→ TASK TO CARRY OUT:
Each line below must be set down exactly; omit any image you find.

→ AVAILABLE DATA:
========

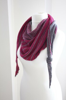 Different Ways is an asymetric and rounded triangle, which is itself created with different triangles, each one playing with different stripes, going different ways, thanks to short rows that will allow each section to assemble in each other.
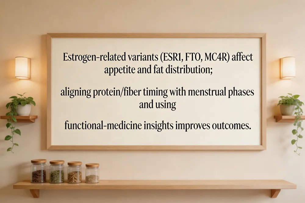 Women’s weight regulation is shaped by estrogen‑related gene variants such as ESR1, FTO, and MC4R, which affect appetite, satiety, and fat distribution across menstrual phases. Aligning nutrient timing with hormonal cycles—e.g., higher protein and fiber during the luteal phase and lighter carbs in the follicular phase—supports stable blood‑glucose and reduced cravings. An integrative functional‑medicine approach combines DNA insights with gut‑microbiome analysis, hormone panels, stress‑management, and sleep optimization to address the root causes of weight resistance.
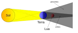 A sombra projetada pela Terra possui duas partes denominadas umbra e penumbra. A umbra é uma região em que não há iluminação direta do Sol e a penumbra é uma região em que apenas parte da iluminação é bloqueada.[1]
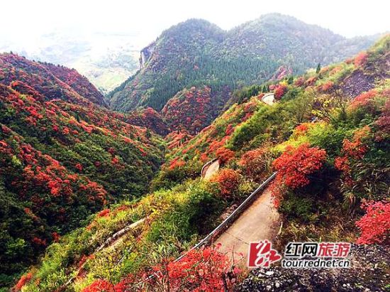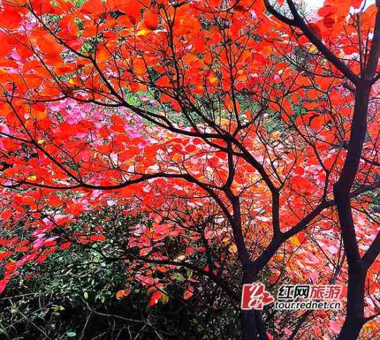 当地人介绍,红叶在张家界茅岩河两岸、崇山、泗水林场、猪石头林场等地都有生长,连绵50多公里。

========

→ ANSWER TO THIS PROBLEM:
 Different Ways is an asymetric and rounded triangle, which is itself created with different triangles, each one playing with different stripes, going different ways, thanks to short rows that will allow each section to assemble in each other.
 Women’s weight regulation is shaped by estrogen‑related gene variants such as ESR1, FTO, and MC4R, which affect appetite, satiety, and fat distribution across menstrual phases. Aligning nutrient timing with hormonal cycles—e.g., higher protein and fiber during the luteal phase and lighter carbs in the follicular phase—supports stable blood‑glucose and reduced cravings. An integrative functional‑medicine approach combines DNA insights with gut‑microbiome analysis, hormone panels, stress‑management, and sleep optimization to address the root causes of weight resistance.
 A sombra projetada pela Terra possui duas partes denominadas umbra e penumbra. A umbra é uma região em que não há iluminação direta do Sol e a penumbra é uma região em que apenas parte da iluminação é bloqueada.[1]
 当地人介绍,红叶在张家界茅岩河两岸、崇山、泗水林场、猪石头林场等地都有生长,连绵50多公里。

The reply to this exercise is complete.